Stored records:
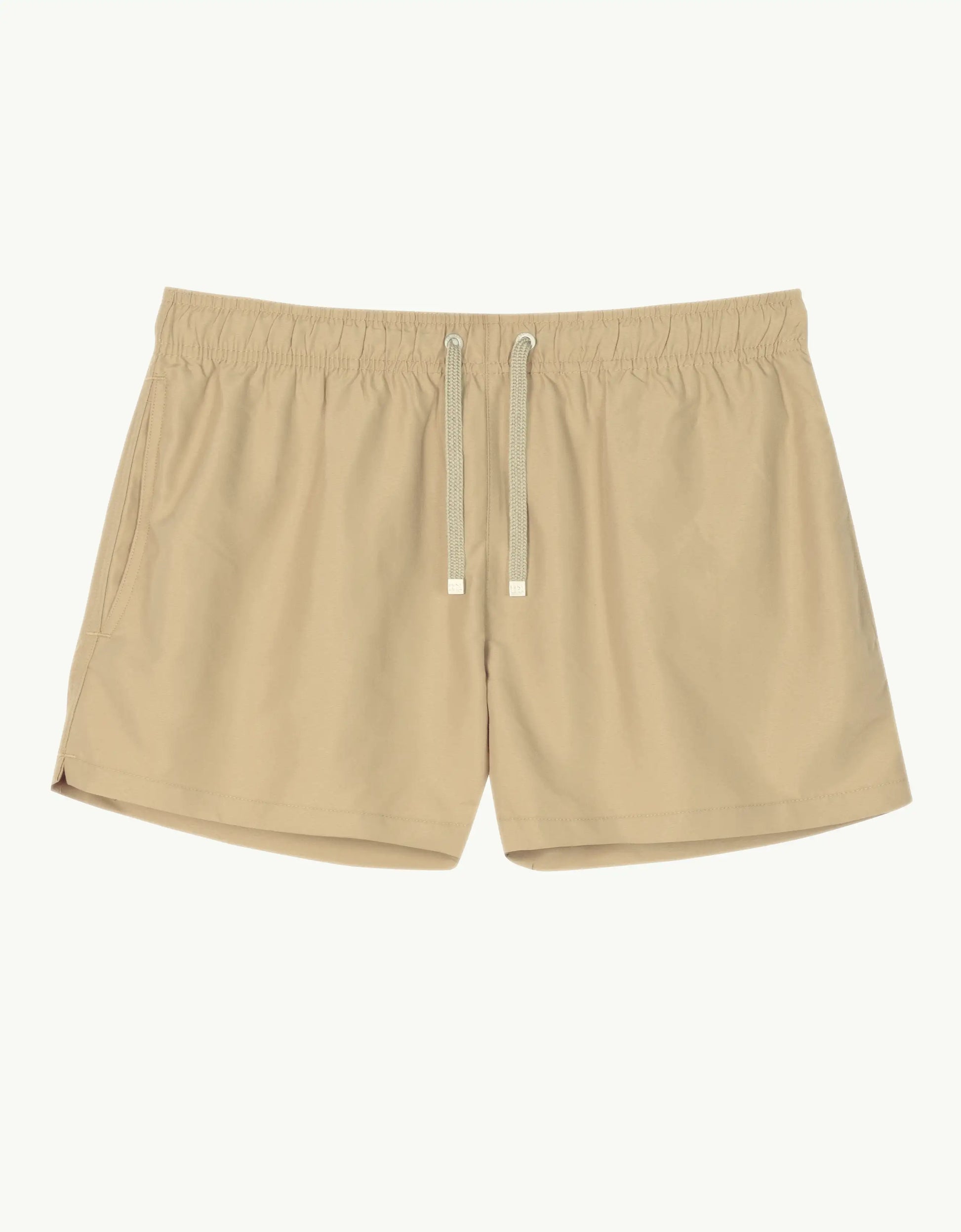 Our shortest short imprints the spirit of summer without filters. This go-to trunk to free the skin and show off tanned legs is made from plastic rescued from the ocean and transformed into recycled polyester fibers. This sustainable and technological fabric is unique for its lightness, resistance, quick drying time, and the softness of our "peach skin".
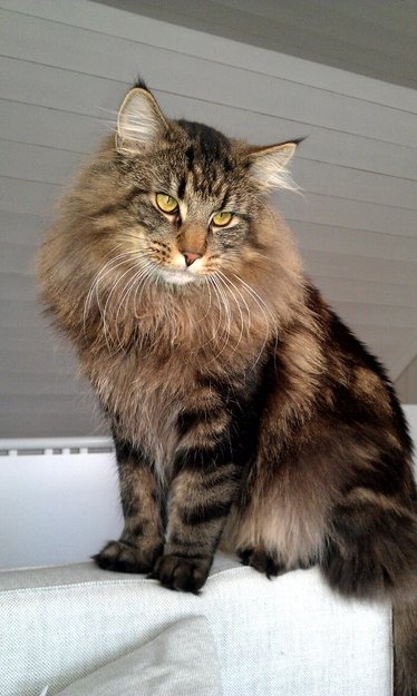 Stor hannkatt på 6 til 7 kilo. Tigret i ansikt men brun og svart spottet på kropp. Lang buskete hale. Rase Norsk Skogkatt.
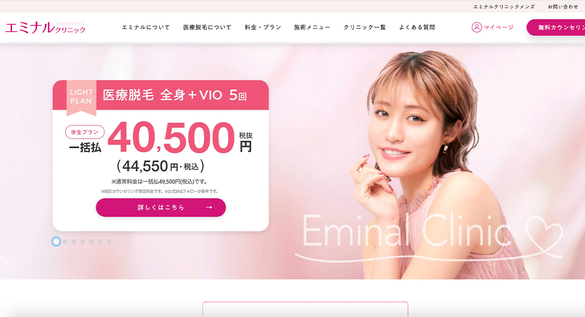 厚生労働省に認可されたレーザー脱毛機器のみを使用して、VIOや顔、襟足、全身に医療脱毛の施術を行います。高い技術を持つ看護師が脱毛施術を行うこと、1回で複数部位の施術を受けられることなどのメリットがあります。
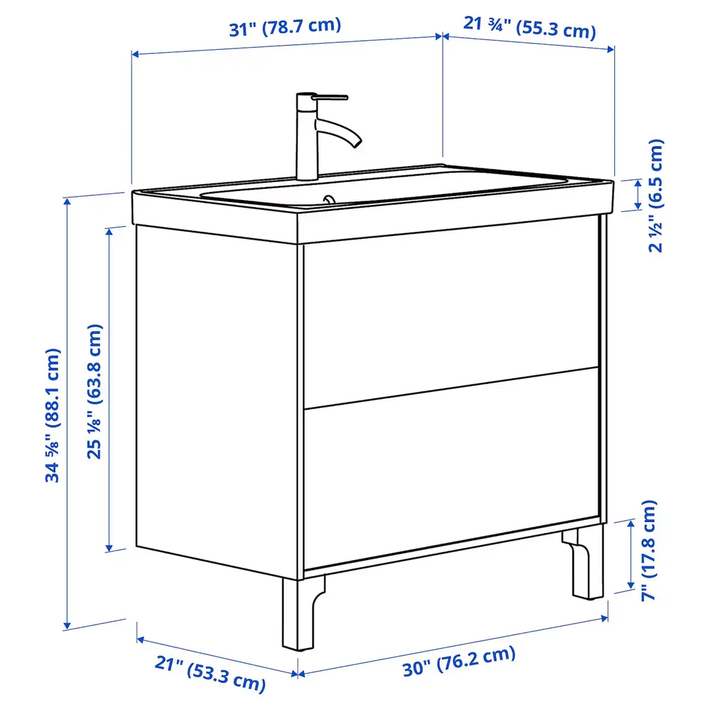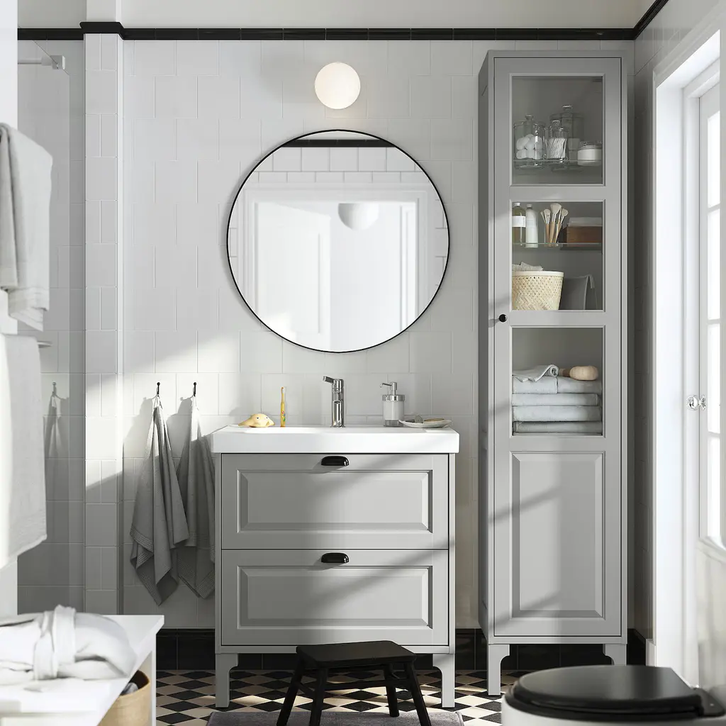 TÄNNFORSEN / ORRSJÖN Bathroom vanity with sink & faucet - light gray 31x21 3/4x34 5/8 ". Generous, full drawer storage capacity for all your essentials as piping is led through the back and not via a cut-out in the drawers. Drawers open all the way for a good overview.
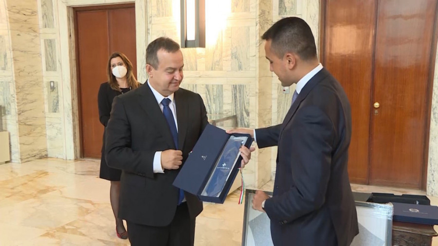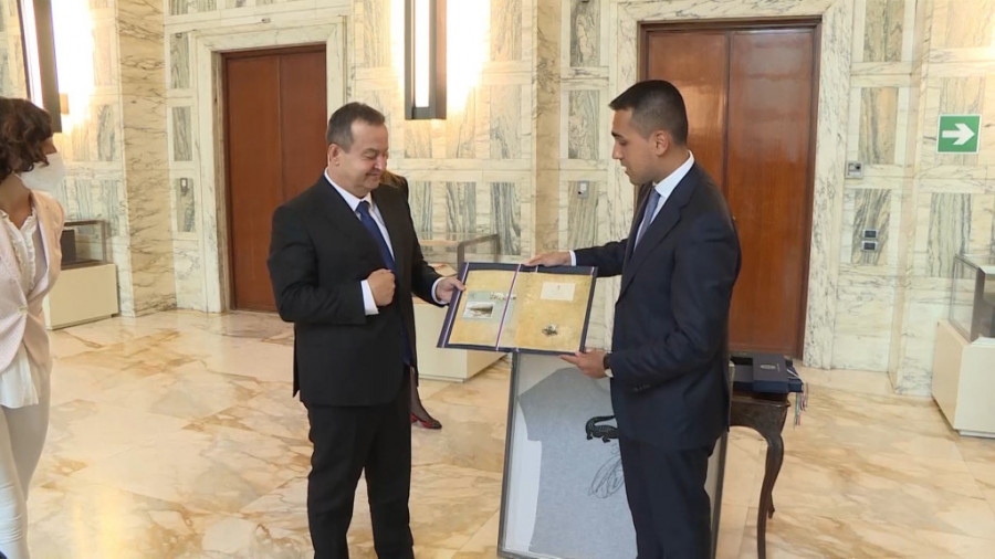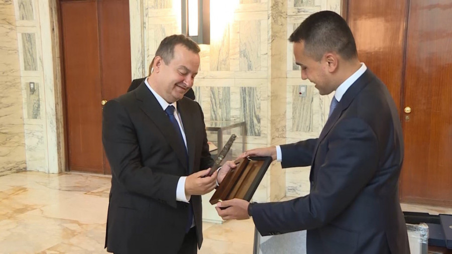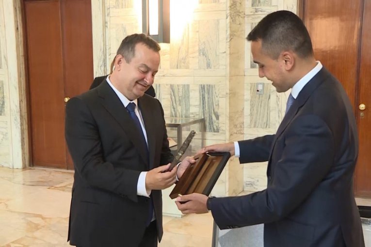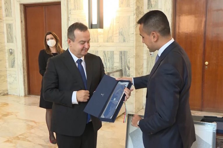 Prvi potpredsednik Vlade i ministar spoljnih poslova Republike Srbije Ivica Dačić i ministar za spoljne poslove i međunarodnu saradnju Italije Luiđi Di Majo razmenili su danas poklone posle sastanka u Rimu gde Dačić boravi u jednodnevnoj poseti.
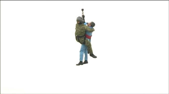 その後、地震で家屋に取り残された人をヘリに引き上げて救助する訓練も行われました。
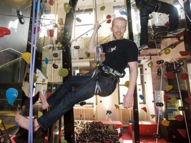 Lorsqu’on entre dans les locaux de Google Montréal (photo ci-haut), on se croirait dans un univers parallèle. Salle de massage, mur d’escalade, aires de repos, fenêtres géantes, espaces de coworking (travail coopératif), stations de bricolage, etc.

Requirement: Exactly the lines from the one with "Prvi potpredsednik Vlade" through the end of the records are to be repeated, both ends included, and pictures are to be omitted.

Exercise output:
 Prvi potpredsednik Vlade i ministar spoljnih poslova Republike Srbije Ivica Dačić i ministar za spoljne poslove i međunarodnu saradnju Italije Luiđi Di Majo razmenili su danas poklone posle sastanka u Rimu gde Dačić boravi u jednodnevnoj poseti.
 その後、地震で家屋に取り残された人をヘリに引き上げて救助する訓練も行われました。
 Lorsqu’on entre dans les locaux de Google Montréal (photo ci-haut), on se croirait dans un univers parallèle. Salle de massage, mur d’escalade, aires de repos, fenêtres géantes, espaces de coworking (travail coopératif), stations de bricolage, etc.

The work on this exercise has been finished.